State v. Newton

39 Wash. 491 | Wash. | 1905

Root, J.

Appellant was prosecuted upon an information charging him with practicing dentistry, in that he did “treat a disease and lesion of the human teeth and did correct malpositions of the human teeth and jaws of one Mrs. Eliza Agutter.” Erom a judgment of conviction, he appeals to this court.

The information was filed May 2, 1904. The evidence shows that in March, 1903, appellant was working in the dental office of one Dr. Brown. Mrs. Agutter, at that time and prior thereto, had dental work done therein, and procured a set of false teeth. As they did not fit properly, she returned to the same office some time after getting the teeth, and had another impression taken and a new set of teeth made. This work, she says, was done by appellant. She fixes the time very positively as being July, 1904. She had no natural teeth at that time. She says appellant did *493nothing at this time except to take a plaster impression of her jaws and fit the new teeth.

Appellant and six or seven witnesses testified to the effect that appellant was not connected with Dr. Brown’s office during the month of July, 1904, but that he had removed to Everett in June of that year, and was engaged in a dental office in the latter city during July. Appellant testifies positively that he last saw Mrs. Agutter in March; that he did not take the impression testified to by her, nor make the second set of teeth concerning which she testified. After the testimony of appellant and his witnesses was in, Mrs. Agutter, upon rebuttal, testified that the work in question was done “after May.” Appellant contends that the work he did for Mrs. Agutter was completed more than one year prior to the filing of the information, and that the prosecution is consequently barred by the statute of limitations.

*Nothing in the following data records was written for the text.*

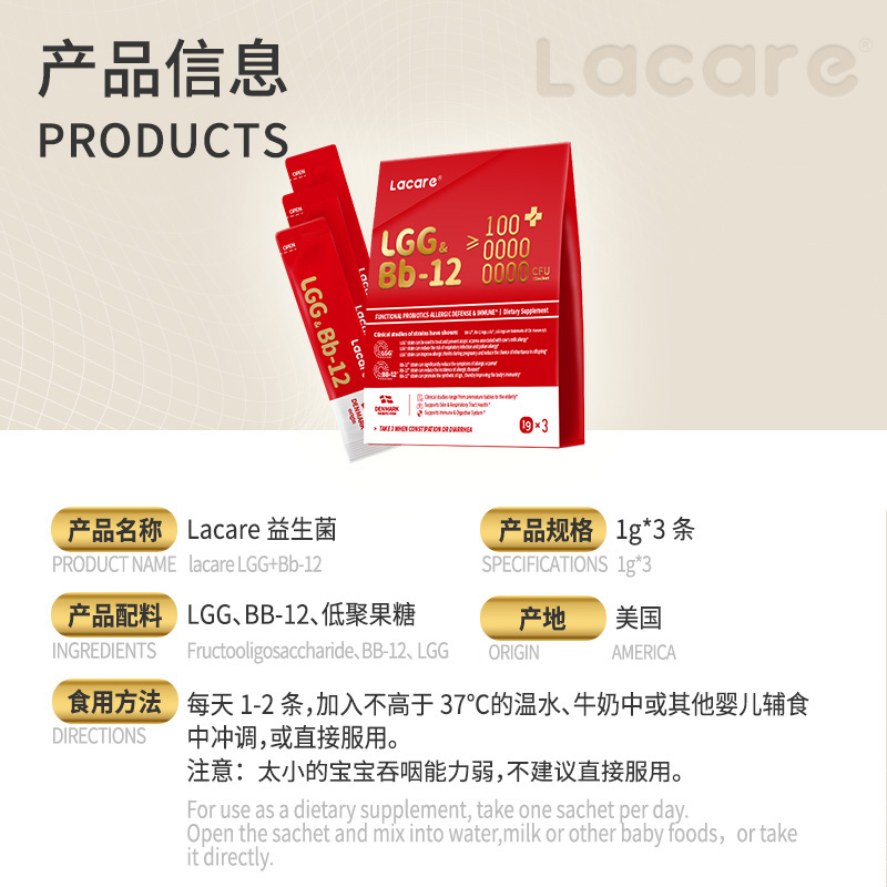Bb12菌株3条体验装 lacare婴幼儿宝宝舒敏益生菌LGG 自营
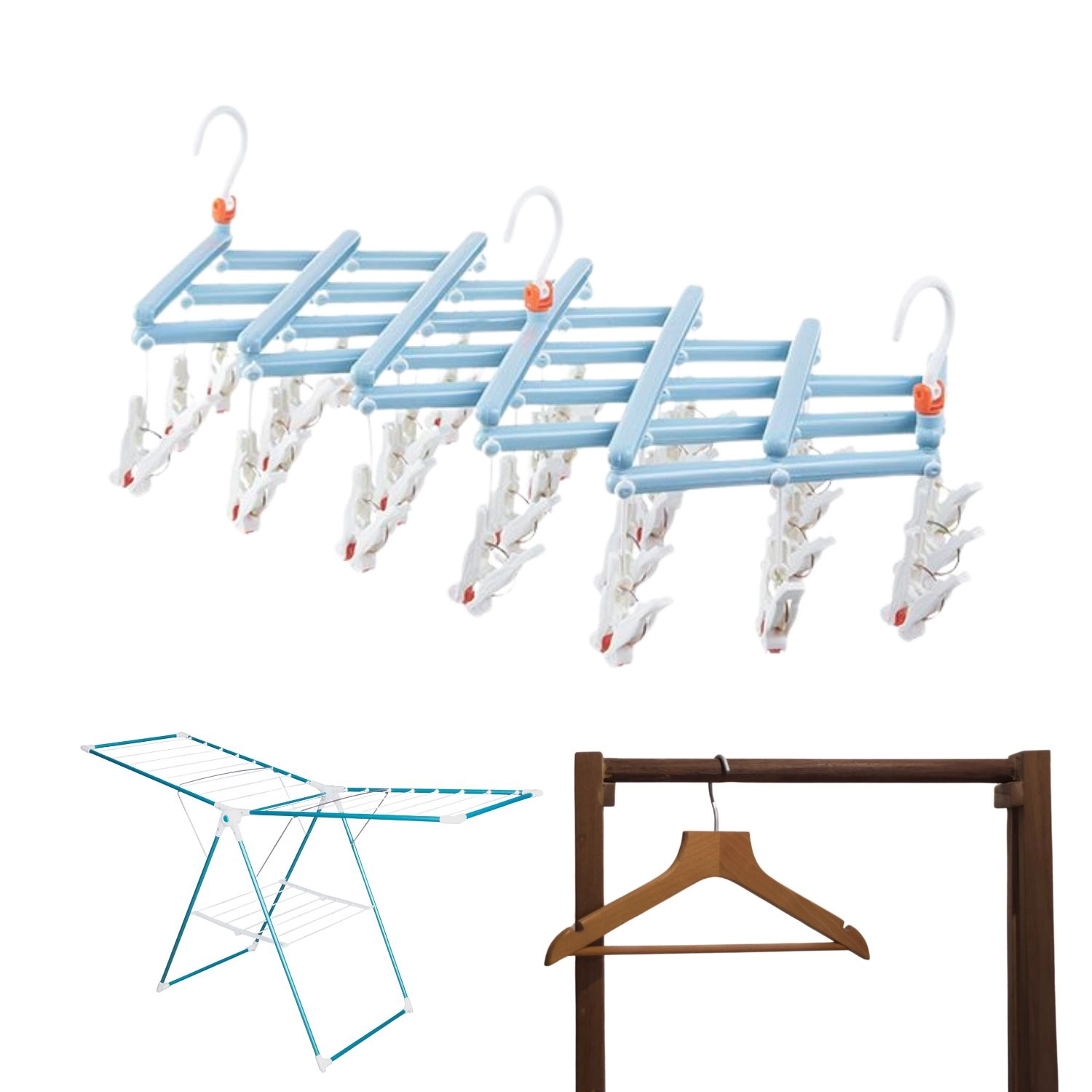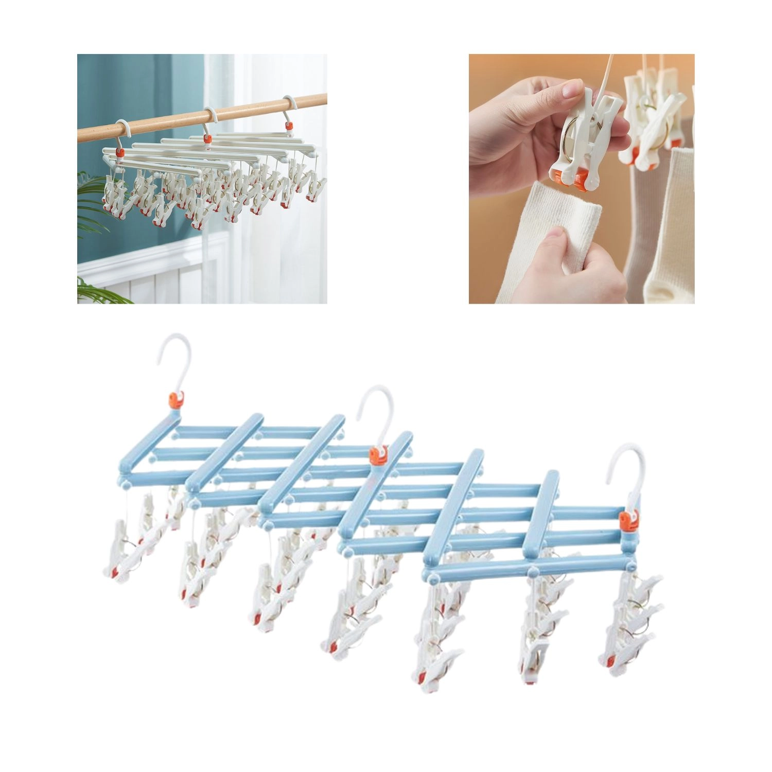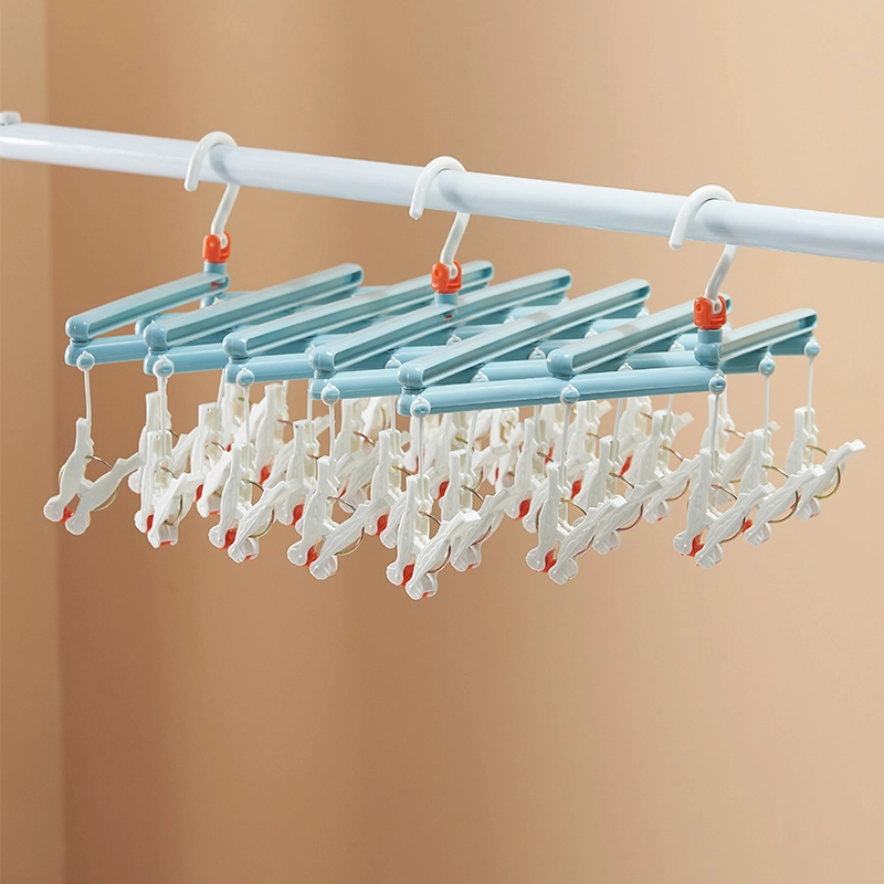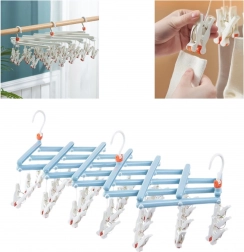 Praktyczny składany suszarka na pranie z 29 klipsami jest idealna do skarpet, bielizny i drobnych elementów. Lekka i wytrzymała plastikowa konstrukcja, obrotowy hak z blokadą oraz kompaktowe składanie oszczędzają miejsce w domu, na balkonie i w podróży.
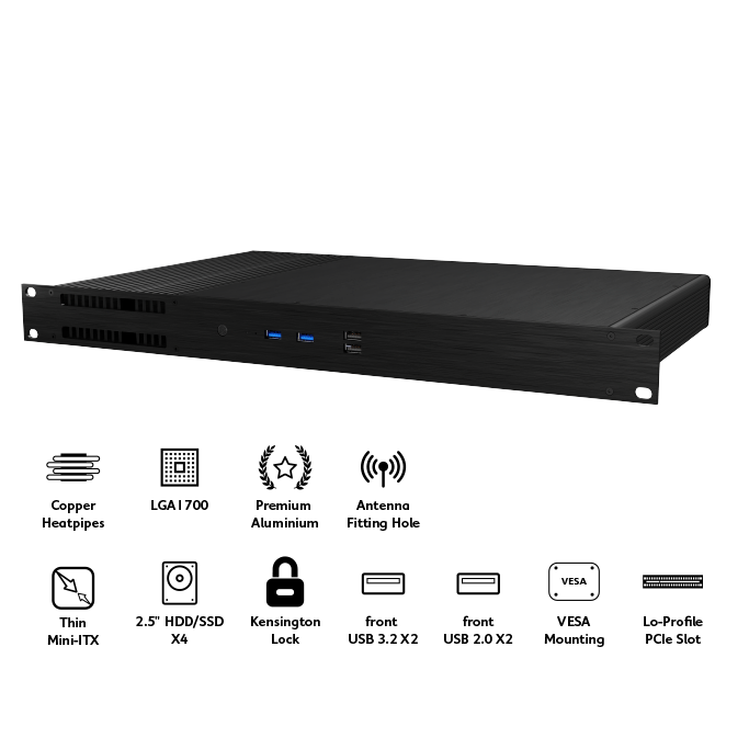 1U Rackmount Fanless Thin Mini-ITX Case for Intel® LGA1700
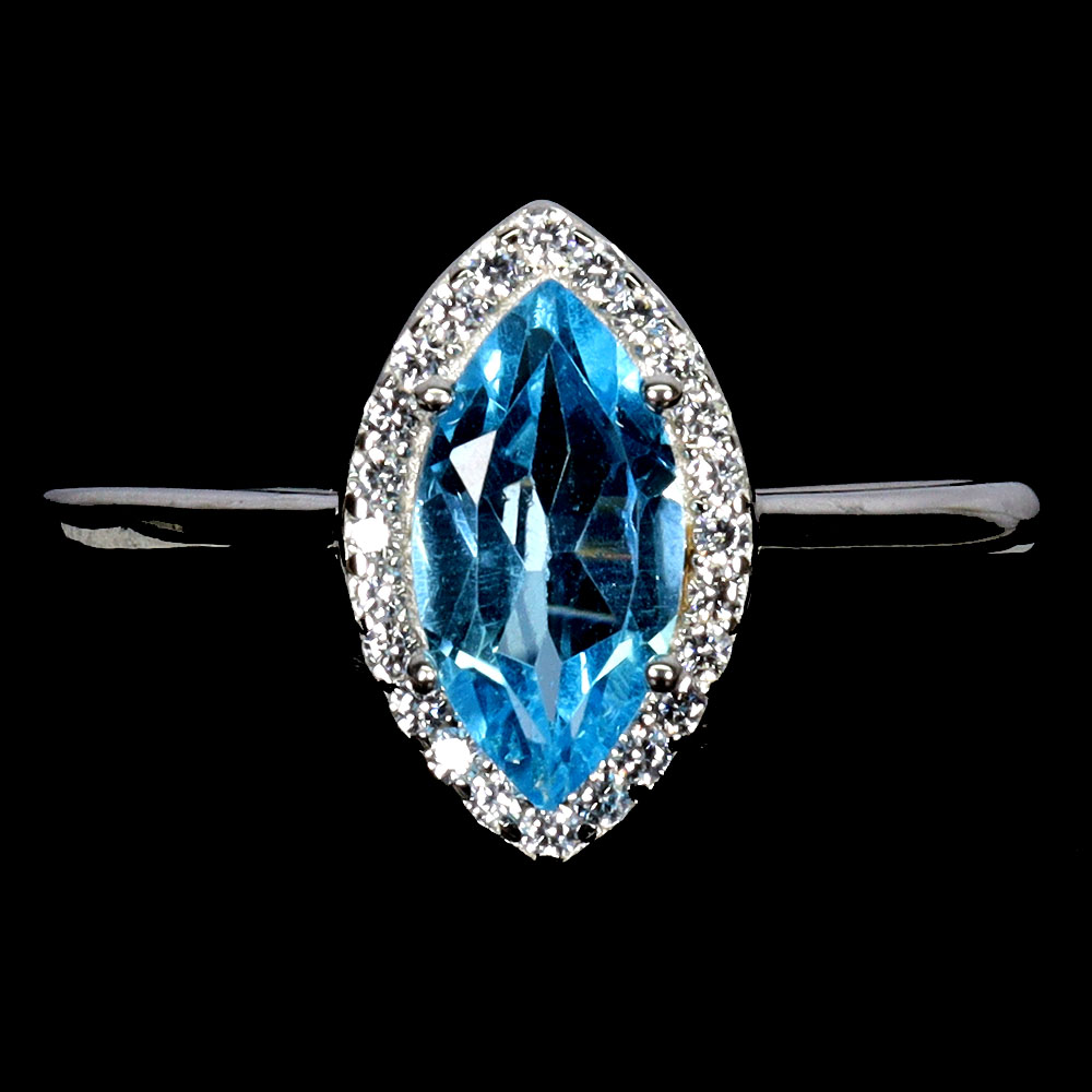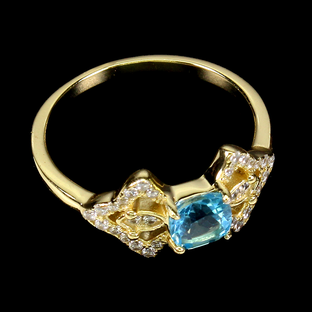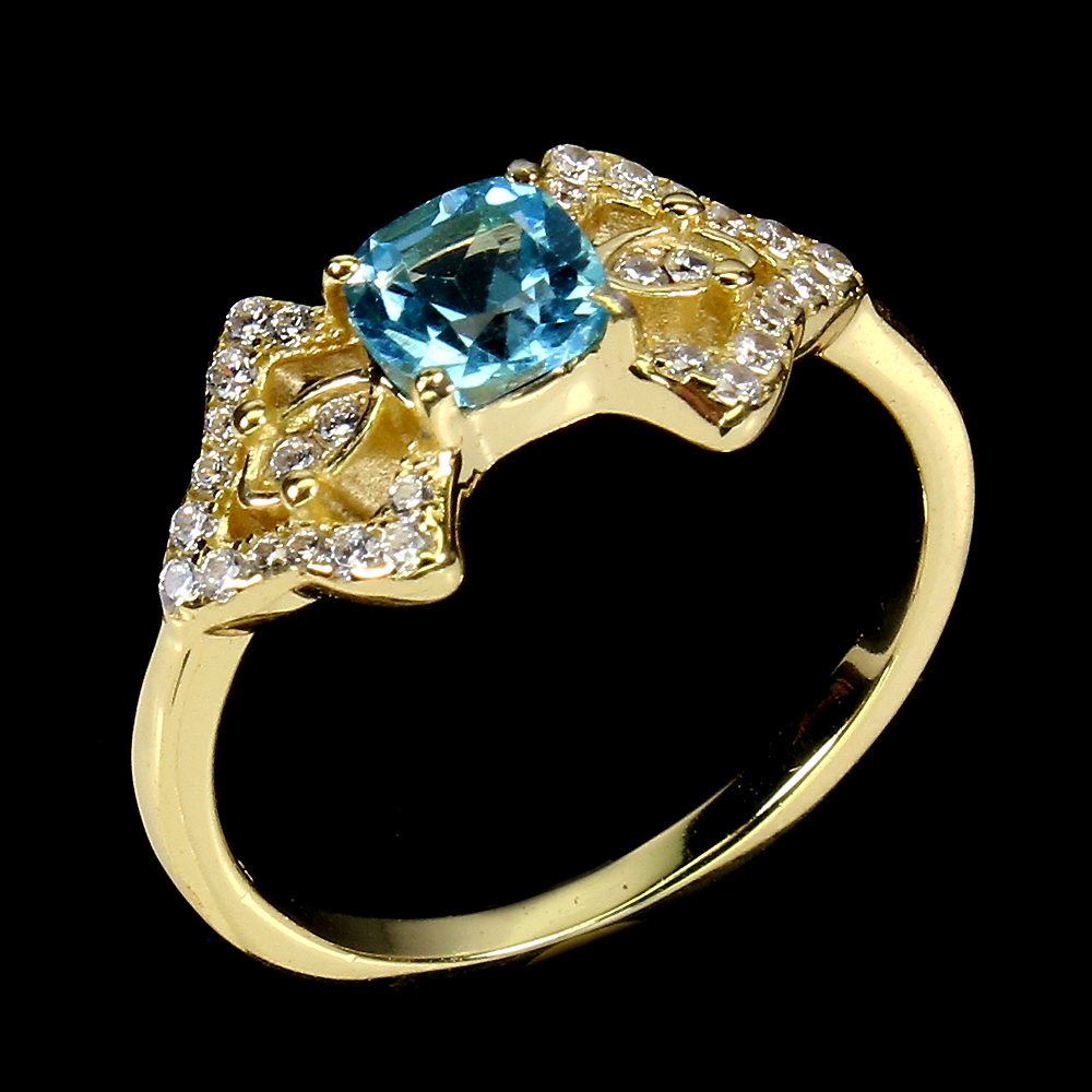 Irradiated Cushion Swiss Blue Topaz 5mm Simulated Cz 925 Sterling Silver Ring 9

This was a question of fact and, ordinarily, the verdict of the jury thereupon would be conclusive in a case of conflicting, material and competent evidence. But we cannot escape the conclusion that the facts here constitute a case coming within the exception to the rule. Mrs. Agutter, in the ease in chief, fixed the time positively as being in July. She remembered it distinctly, as she says, because it was about the end of the “berrying” season.- Upon rebuttal, her attention being called to the matter, she answered a leading question by saying that the time was “after May.” This has the appearance of a modification of her evidence to avoid the effect of the testimony of the many witnesses who swore that appellant was not in Dr. Brown’s office in July, but was in business during all of that month in Everett. The evidence of these numerous witnesses was consistent, straightforward and remained unshaken. In view of this fact, and in view of the fact that Mrs. Agutter’s evidence is uncorroborated and unsatisfactory on this point, and that, having -visited the office at various times prior to getting the first set of false teeth, she could readily have become *494confused or mistaken as to the date or operator, we think there is strong reason to believe that she was mistaken, either as to the person or as to the time-. In either event, we are satisfied that the verdict is against the overwhelming weight of the evidence, and should have been set aside by the trial court.

While courts must hesitate before disturbing verdicts based upon conflicting evidence, yet it must be remembered that the observance of this rule, like that of all others, was intended to subserve the ends of justice, and where, in a given ease, it is perfectly evident that it will not 'so do, its binding force should not avail. The presumption of innocence follows one charged with crime until, by the evidence, he is shown guilty beyond a reasonable doubt. The burden was upon the state to show the commission of the offense charged herein, within one year prior to the filing of the information. The evidence was such upon this question that we can find nothing to’ justify the verdict. In such a case it is self-evident that some improper influence or motive must have actuated the jury, or that it in some manner made a prejudicial error. Where this is true, the injured party has not had a fair trial, which is the privilege and right of every suitor.

It is contended by appellant that the acts testified to did not constitute the practice of dentistry, as alleged in the information. Did the taking of the impression, the making of false teeth, and the fitting thereof in the mouth, constitute a correction of a “malposition,” or of “malpositions,” of the jaws? This is the question. As to whether or not making the teeth or taking the impression would, each separately or together, constitute this, we do not decide. But taken together with the actual fitting and adjustment to the jaws, we hold that it constitutes a “correction of malposition of the jaws,” within the meaning of the statute.

Some errors are assigned upon the introduction" of evi*495denee. The matters complained of will probably not occur upon a new trial.

On account of the unsatisfactory character of the evidence as to the time of the occurrences testified to by the state’s witness, the judgment of the honorable superior court is reversed, and the case remanded for a new trial.

Mount, O. J., Hadley, Budkin, and Crow, JJ., concur.

Fullerton, J. (dissenting)—I dissent. It is a usurpation of power for this court to judge of the weight and sufficiency of the evidence on an appeal from a judgment of conviction in a criminal case.